Ильмира Маликова: И Максим Пешков – так же член ОНК, ведущий юрист правозащитного движения «Сопротивление». Здравствуйте.

Максим Пешков: Здравствуйте.

Ильмира Маликова: Вновь мы с вами говорим на эту тему. Давайте сегодня начнем разговор о том, из чего состоит повседневная жизнь лиц, находящихся в следственном изоляторе. Как человек в него попадает?

Максим Пешков: По решению суда. Но, теоретически, это может произойти и до решения суда. У любого следователя есть протокол задержания в порядке статьи 91 УПК. Этим протоколом следователь может задержать любого человека на 48 часов до судебного решения. В некоторых случаях есть специальные камеры в СИЗО, в Москве это не практикуется. В Москве есть изоляторы временного содержания, которые члены ОНК так же проверяют. После того, как 48 часов прошли, следователь обращается с ходатайством в суд об избрании меры пресечения в виде заключения под стражу. Слушают мнение самого подозреваемого, его защитника, прокурора. После этого суд удаляется в совещательную комнату и выносит решение. После получения на руки этого постановления, человек из ИВС этапируется в СИЗО.

Ильмира Маликова: Ева, члены ОНК практически ежедневно посещают ИВС и СИЗО. Из чего складывается жизнь человека, который там находится?

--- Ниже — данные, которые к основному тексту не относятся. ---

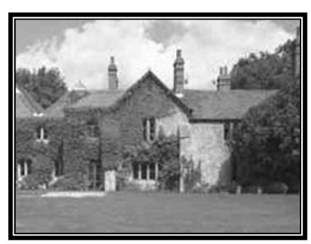
3. The Old Rectory, Grade II early 14th century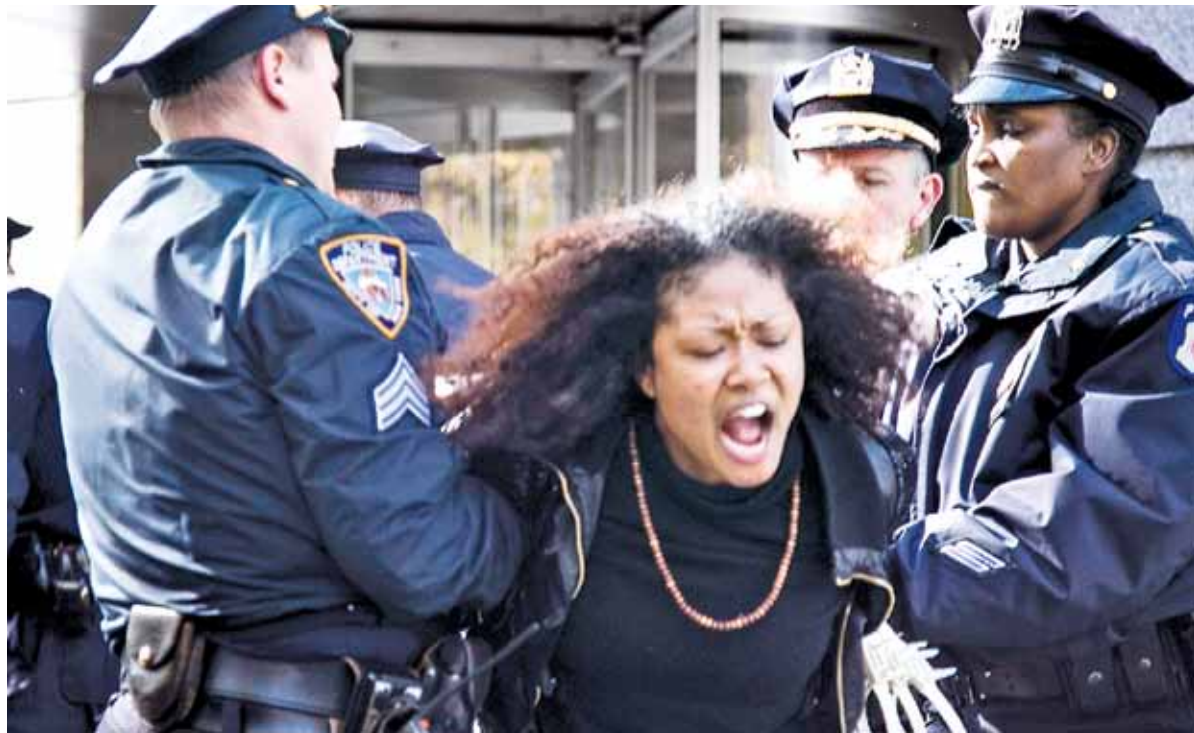
Occupy Wall Street sit in at Goldman Sachs in New York

Another trend is the tendency of government—local, state and federal—to be mindful of the needs of big money and neglect the demands of the citizens that put them in office. What will it take for the people to get their resources returned into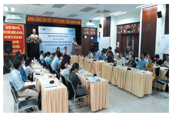
Kick-off workshop in Ho Chi Minh city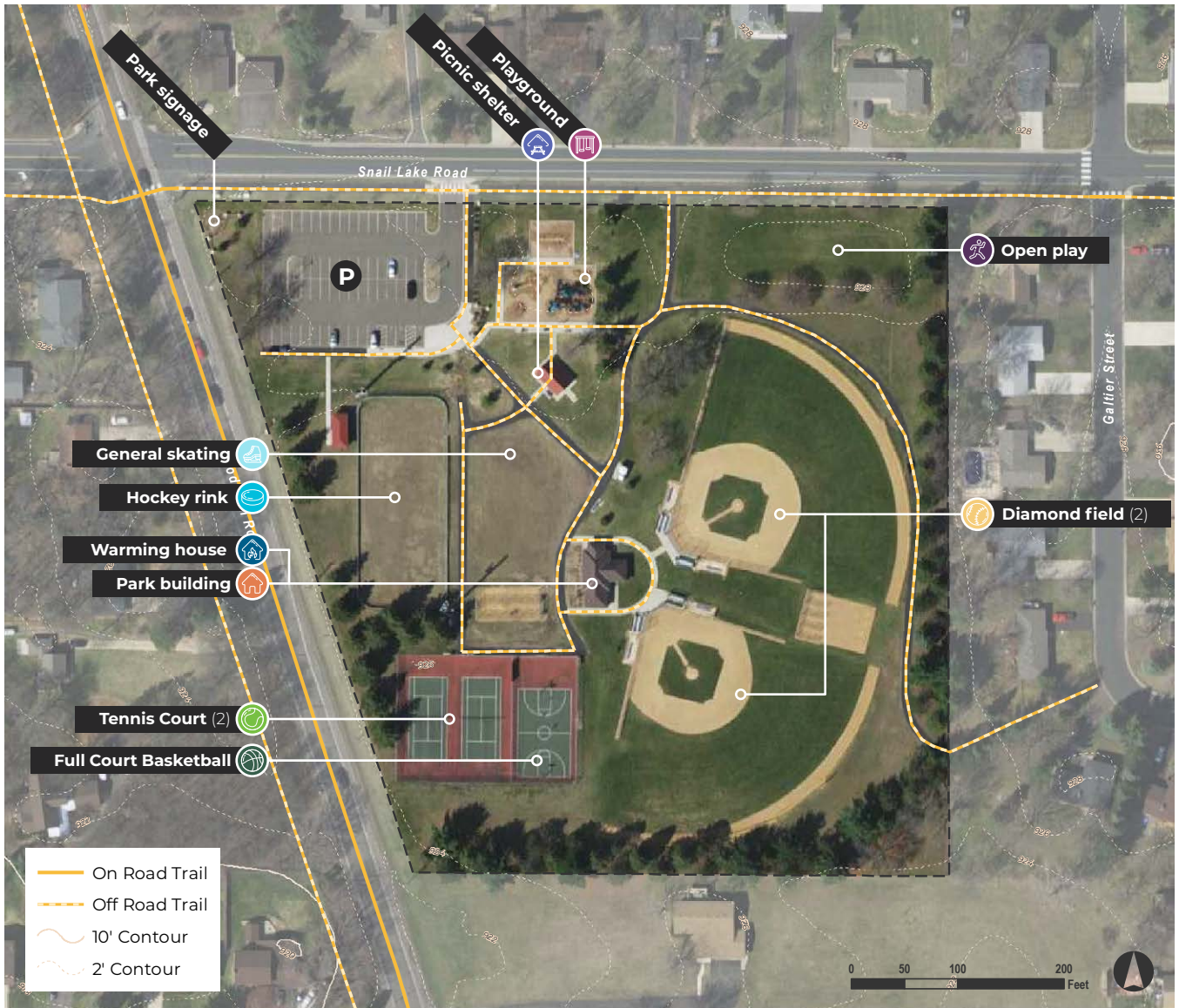
Figure 4.20 Sitzer Park existing conditions

Ева Меркачева: Жизнь человека, который находится в СИЗО очень скучная, томительная и нудная, потому что этот человек не имеет права практически ни на что. Есть правила внутреннего распорядка, которые говорят ему, во сколько он должен просыпаться, привести в порядок постель, обед, завтрак, ужин и прогулка часовая. Это все на что он может рассчитывать. Ему позволяется пользоваться библиотекой в СИЗО. Как правило, она очень скудная и какой-то толковой литературы в ней нет. Даже, если какие-то книги там есть, для того, чтобы «записаться» туда, пока ему эту книгу принесут, проходит очень много времени. Еще позволяется играть в шашки или нарды. Это весь досуг, который только возможен. Люди в неволе все время находятся в общении между собой. Это тяжело, потому что они все из разных групп общества. Бывает так, что с каким-то бизнесменом оказывается «вор в законе». Такие случаи мы знаем и о них сообщали. Такие вещи случаются.

Ильмира Маликова: А в этих камерах люди сидят по статьям или в хаотическом порядке?

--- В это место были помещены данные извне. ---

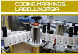
CODING, MARKING & LABELLINGASIA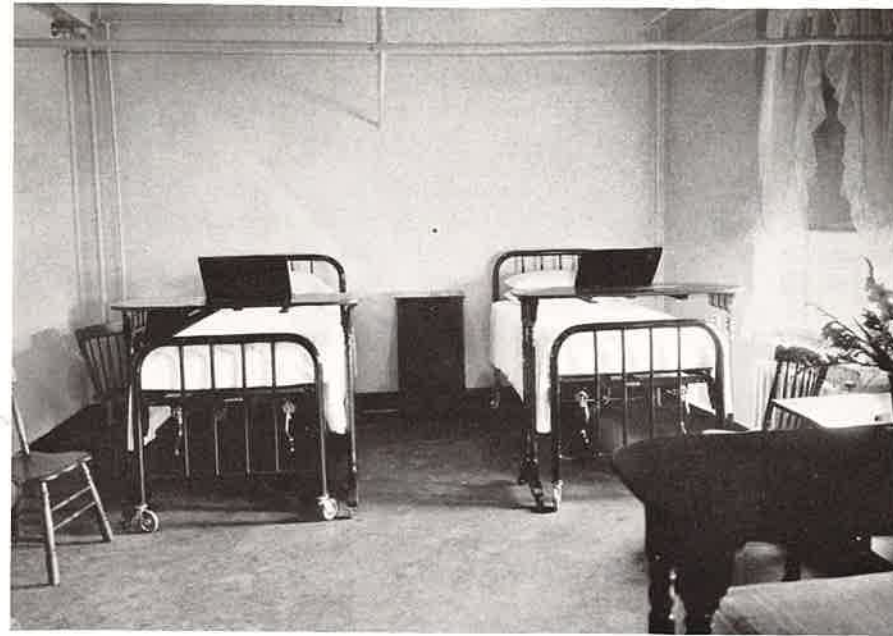
ONE SIDE OF A FOUR-BED WARD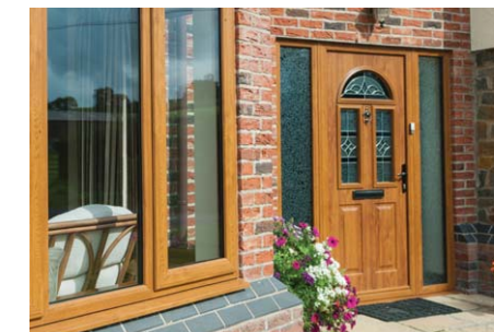
16 | FRONT & BACK DOORS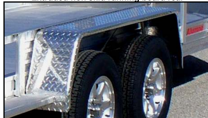
Tread plate heavy gage fenders

Alumne is a leader for Aluminum Trailers in the green industry. Our trailers are made from high-quality, corrosion-resistant Aluminum Extrusion specifically designed to be lighter, stronger, and more durable. With fuel cost going higher every day the Alumne Lawn Maintenance Trailer is the ultimate solution for lawn maintenance contractors. It has an all aluminum frame structure, increasing pay load, eliminating preventive maintenance and maintaining its value. The entire trailer can be cleaned with pressure washing. All lighting is LED and the electrical system is sealed. By combining these innovative techniques along with proprietary Alumne extrusions, Alumne has created the best trailers in the industry.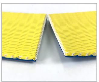
Innovation and Service in Belting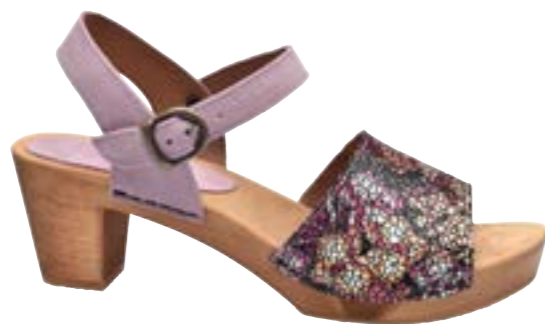
Osa Flex // 478107 Suede/Printed Suede // 59 Light Purple // Size 35-42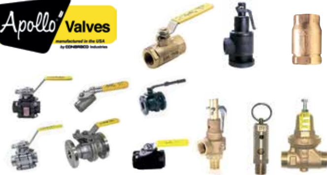
Valves & Actuators

"Apollo" Valves manufactured in the USA by CO-EMBED Industries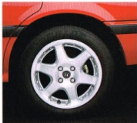
Stylish alloy wheels

Максим Пешков: Есть Федеральный закон о содержании под стражей подозреваемых, обвиняемых. Там есть статья 33-я, которая говорит о том, что мужчины содержатся отдельно от женщин, ранее не отбывавшие наказание содержатся отдельно от ранее отбывавших наказание и перечень по статьям. Бывшие сотрудники правоохранительных органов, адвокаты, депутаты – отдельно. Так же отдельно за насильственные преступления и за не насильственные. Так разделяет закон. Это требование закона не редко нарушается.

Ева Меркачева: Нарушается в двух случаях. Перенаселенность камеры. Приходим в камеру, начинаем считать нары и людей – выявляется несоответствие. Кроватей 8, а людей 16. Как вы спите, спрашиваем. По очереди. Даже те, кто не спит – им деться некуда. Там не поставить раскладушку, не поставить что-то на пол. Они как-то умудряются жить в таких условиях. Второй момент. Людей помещают не по статьям, а в хаотичном порядке, когда с заключенных пытаются что-то добиться. То ли признательных показаний – обычно ходатайствует следователь, чтобы поместили человека – в какую-то нехорошую камеру. Либо сами тюремщики пытаются вымогать деньги за то, чтобы перевести его потом в хорошую камеру.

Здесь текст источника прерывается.